▶ [ACTIVITY]: Copy the lines below, please, starting with the one that contains "Carry your tech" and ending with the last. Pictures stay out.

++++ INFORMATION SHOWN

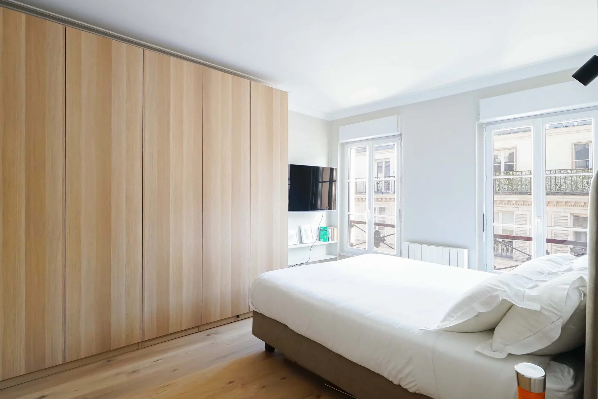 Completely renovated, this property in perfect condition comprises: an entrance hall, a magnificent spacious living/dining room with three windows and a fully-equipped open kitchen, a bedroom with built-in dressing rooms, as well as an en suite bathroom and separate toilet.
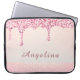 Carry your tech in style with this elegant pink glam glitter drip lace bridal shower laptop sleeve. The design features cascading faux pink glitter drips over a soft, glowing background with dewy shimmer accents for a luxe, modern finish. A subtle lace detail along the bottom adds a touch of feminine charm. Perfect for school, work, or everyday glam, this sleeve can be personalised with a first name—making it a thoughtful gift for birthdays, back-to-school, or stylish home office upgrades.
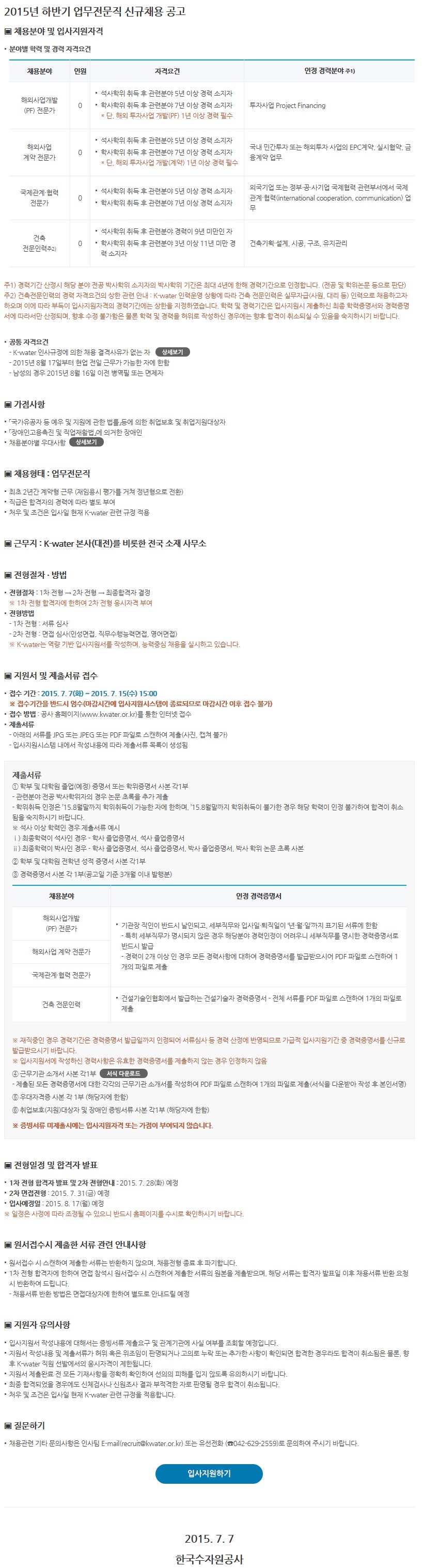 [Çѱ¹¼öÀÚ¿ø°ø»ç] ±â°£Á¦ °æ·Â»ç¿ø(ÇØ¿Ü»ç¾÷/°ÇÃà) ä¿ë°ø°í ( ~7.15)
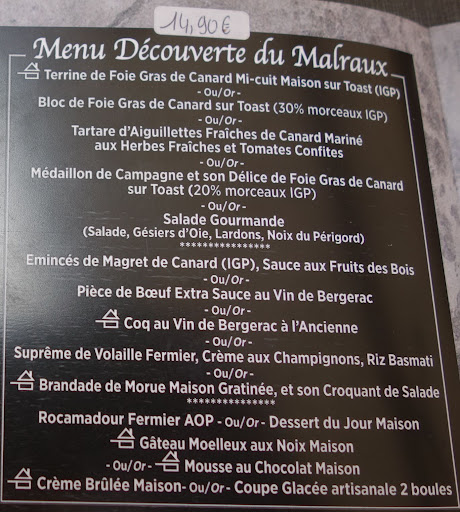 I don’t expect most restaurants to be great in Sarlat since it’s a very tourist town but we did manage to get some reasonable meals in some places. This restaurant however was not one of them as the meal was clearly cooked by a keen but talentless chef. I had a distinctly chewy beefsteak and my wife had the Coq au vin which was tough and almost inedible. Sadly, the bits that she did manage gave her food poisoning and she was very ill the next day. We both had a chocolate dessert which was a small dry tasteless cake. When we mentioned that we were not impressed with the meal to the waiter, we were met with a blank stare and fixed “we don’t care” smile. So I would urge anyone to avoid this place and not be ripped off as we...
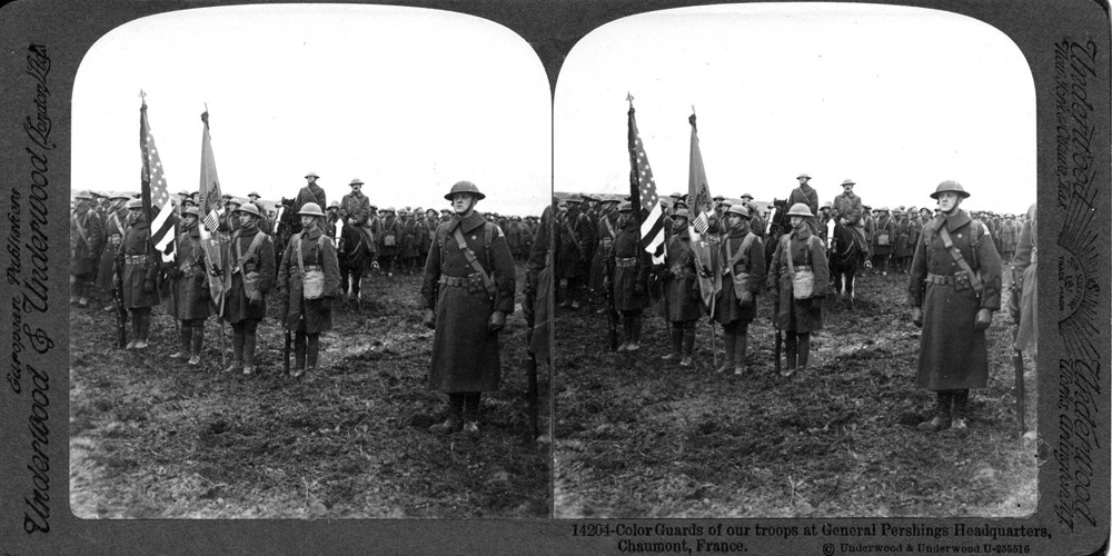 Color Guards of our troops at General Pershings Headquarters, Chaumont, France

++++++++

▶ [PROBLEM SOLUTION]:
 Carry your tech in style with this elegant pink glam glitter drip lace bridal shower laptop sleeve. The design features cascading faux pink glitter drips over a soft, glowing background with dewy shimmer accents for a luxe, modern finish. A subtle lace detail along the bottom adds a touch of feminine charm. Perfect for school, work, or everyday glam, this sleeve can be personalised with a first name—making it a thoughtful gift for birthdays, back-to-school, or stylish home office upgrades.
 [Çѱ¹¼öÀÚ¿ø°ø»ç] ±â°£Á¦ °æ·Â»ç¿ø(ÇØ¿Ü»ç¾÷/°ÇÃà) ä¿ë°ø°í ( ~7.15)
 I don’t expect most restaurants to be great in Sarlat since it’s a very tourist town but we did manage to get some reasonable meals in some places. This restaurant however was not one of them as the meal was clearly cooked by a keen but talentless chef. I had a distinctly chewy beefsteak and my wife had the Coq au vin which was tough and almost inedible. Sadly, the bits that she did manage gave her food poisoning and she was very ill the next day. We both had a chocolate dessert which was a small dry tasteless cake. When we mentioned that we were not impressed with the meal to the waiter, we were met with a blank stare and fixed “we don’t care” smile. So I would urge anyone to avoid this place and not be ripped off as we...
 Color Guards of our troops at General Pershings Headquarters, Chaumont, France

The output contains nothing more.